CPSC 545/445 (Autumn 2003) - Class 11: Gene Finding (1)
Module 4, Part 1


---
4.1 Gene finding - background / motivation

increasing amount of genomic sequence data
-> interpretation of this data lagging behind.

for genomic dna sequence data from higher eukaryotes:
computational gene finding, i.e., 
identifying intron/exon structures, 
is one of the main problems of bioinformatics.

the problem is closely related to to fundamental
biochemical issues of specifying the precise
determinants of:
- transcription
- translation
- RNA splicing

the problem is also of significant practical
importantce, as computer software for gene finding
is routinely used by genome sequencing laboratories
to help identify genes in newly sequenced regions.

--
recap: gene structure

- genes of most eukaryotic are neither continuous nor contiguous:
  - they are seperated by long stretches of intergenic DNA
  - their coding sequences are interrupted by non-coding introns
- only a small part of the genome is conding sequence
  (human: ca. 3%)
- alternative splicing (at least 35% of human genes - Mironov et al., 1999)
- nested genes (Dunham et al., 1999)
- overlapping genes on the same or opposite strands
  (Schulz and Butler, 1989; Ashburner et al., 1999; Cooper et al., 1998)
- pseudogenes = non-functional sequences resembling real genes
  occur in numerous copies throughout the genome

regulatory regions are crucial for gene expression
their location relative to target gene is not uniquely determined:
- basic regulatory elements (e.g., TATA / CAT boxes) usually upstream
	of transcription start site
- enhancers and silencers can be distant upstream, downstream,
	even within introns


---
4.2 Approaches to computational gene finding


the computational gene finding problem

given raw sequence data, predict:
- coding and non-coding regions
- exons/introns
- splicing patterns
- transcription factors
- ...

-> genomic sequence annotation

[slide: Figure 1]


--
naive approach:
- search for characteristic subsequences (pattern matching)
  (e.g., TATA, CCAAT, GC boxes, etc.)

example: intron identification (GT-AG rule)

[slide: Figure 31.2]


problems:
- only covers most conserved signals (subsequences)
- these are not sufficient for characterising genes (exons)

--
ideal approach:
- complete simulation of DNA transcription, 
  RNA splicing/processing, RNA translation
- base gene prediction on results of this simulation

problem:
- assumes solution of most important, open biochemical problems
- computational complexity might be very high

--
finding open reading frames (ORFs):
- mark all stop codons in all reading frames
- long stretches of uninterrupted sequence between stop codons
  give candidates for genes (exons)
- for prokaryotes, also use initiation codon ATG

[slide: Figure 7-15]

problems:
- distribution of ORF length almost identical for
  random sequence data and real genomic sequence
  (claverie et al., 1996)
-> ORF length alone gives almost no information on protein 
  coding regions

--
how is it really done?

- signal detection (splice sites, promoter regions, etc.)

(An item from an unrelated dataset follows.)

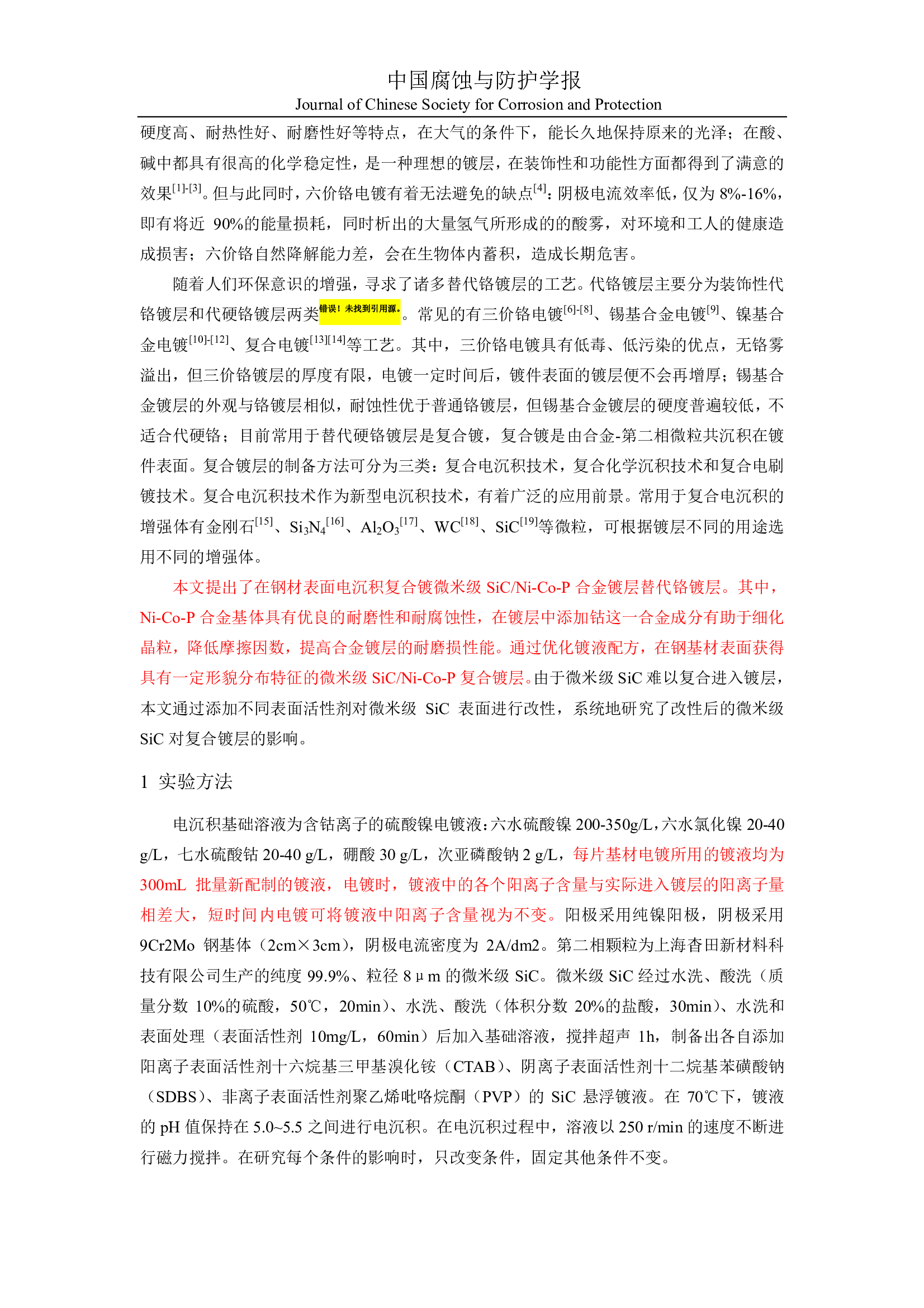 标签: 碳化硅-镍基复合材料, 碳化硅改性, 镍基合金电沉积, 碳化硅含量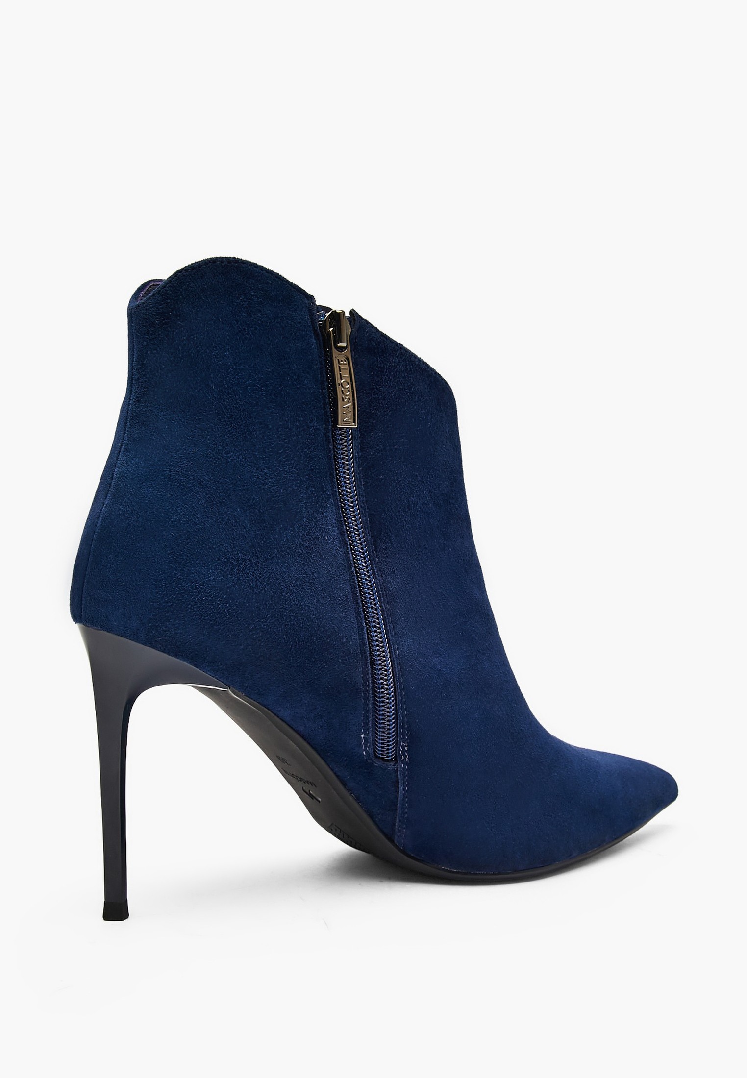 - Синие женские ботильоны Mascotte подчеркнут изысканный стиль и добавят элегантности вашему образу. Выполнены из мягкого велюра, подкладка – из байки. Модель имеет острый нос, который визуально удлиняет ногу, а скошенное широкое голенище создает выразительный акцент. Высокий каблук высотой 9,8 см и резиновая подошва обеспечат устойчивость и долговечность даже при активной носке. Эти стильные ботильоны станут идеальным дополнением к вашему гардеробу, удачно сочетая актуальный дизайн и безупречное качество исполнения. Застегиваются на молнию сбоку.

  note: signals are often not 100% conserved
  example: intron 5' splice site
  -> probabilistic models (as in phylogeny!)

[slide: Figure 7-15]
[slide: Figure 1.8 - intron 5' splice site]

- compositional properties of coding vs. non-coding DNA
  (GC content, hexamer frequencies)

- integration of the above
- integration with homology searching

-> modern gene finders predict individual functional elements
  and entire gene structure (sets of spliceable exons)

--
signal detection:

- simple motif search: typically not good enough
- Weight Matrix Method (WMM)
- Weight Array Method (WAM)
- Hidden Markov Models (HMMs)

--
fundamental method:

- build generative, probabilistic models of signals
- use these to compute probability for given sequence
- high probability of generation -> predict signal


---
4.3 Weight Matrix and Weight Array Methods


WMM method:

given: 
- frequency p^i_j of nucleotide j at position i
- sequence X=x1 x2 x3 ... xn

probability P{X} of generating X 
= p^1_x1 * p^2_x2 * ... * p^n_xn


--
generalisation:

WAM method, models dependencies between positions
(probability of seeing x2 at pos 2 depends on what was
 seen at pos 1)


--
where do the model parameters (p^i_j) come from?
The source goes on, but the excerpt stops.